**Supplied material:**
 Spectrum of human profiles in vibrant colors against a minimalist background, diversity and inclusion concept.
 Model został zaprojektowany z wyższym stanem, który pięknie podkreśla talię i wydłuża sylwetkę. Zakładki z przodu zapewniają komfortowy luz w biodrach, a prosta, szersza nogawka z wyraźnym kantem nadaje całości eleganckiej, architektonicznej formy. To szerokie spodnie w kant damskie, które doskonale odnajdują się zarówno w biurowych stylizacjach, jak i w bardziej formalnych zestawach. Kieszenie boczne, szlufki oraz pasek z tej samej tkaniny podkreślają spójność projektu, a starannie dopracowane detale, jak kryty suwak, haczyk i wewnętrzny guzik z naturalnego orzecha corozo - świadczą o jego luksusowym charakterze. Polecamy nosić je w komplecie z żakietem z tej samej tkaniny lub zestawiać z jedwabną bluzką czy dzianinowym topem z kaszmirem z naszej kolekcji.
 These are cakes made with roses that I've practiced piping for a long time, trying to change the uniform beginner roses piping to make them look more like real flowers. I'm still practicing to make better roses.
---
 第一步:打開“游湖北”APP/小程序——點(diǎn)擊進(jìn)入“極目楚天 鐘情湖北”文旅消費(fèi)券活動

**Instructions to follow:**
The lines above from the one with "Spectrum of human" through the one with "Model został zaprojektowany" are to be duplicated exactly, ends included, with nothing added.

**Finished task:**
 Spectrum of human profiles in vibrant colors against a minimalist background, diversity and inclusion concept.
 Model został zaprojektowany z wyższym stanem, który pięknie podkreśla talię i wydłuża sylwetkę. Zakładki z przodu zapewniają komfortowy luz w biodrach, a prosta, szersza nogawka z wyraźnym kantem nadaje całości eleganckiej, architektonicznej formy. To szerokie spodnie w kant damskie, które doskonale odnajdują się zarówno w biurowych stylizacjach, jak i w bardziej formalnych zestawach. Kieszenie boczne, szlufki oraz pasek z tej samej tkaniny podkreślają spójność projektu, a starannie dopracowane detale, jak kryty suwak, haczyk i wewnętrzny guzik z naturalnego orzecha corozo - świadczą o jego luksusowym charakterze. Polecamy nosić je w komplecie z żakietem z tej samej tkaniny lub zestawiać z jedwabną bluzką czy dzianinowym topem z kaszmirem z naszej kolekcji.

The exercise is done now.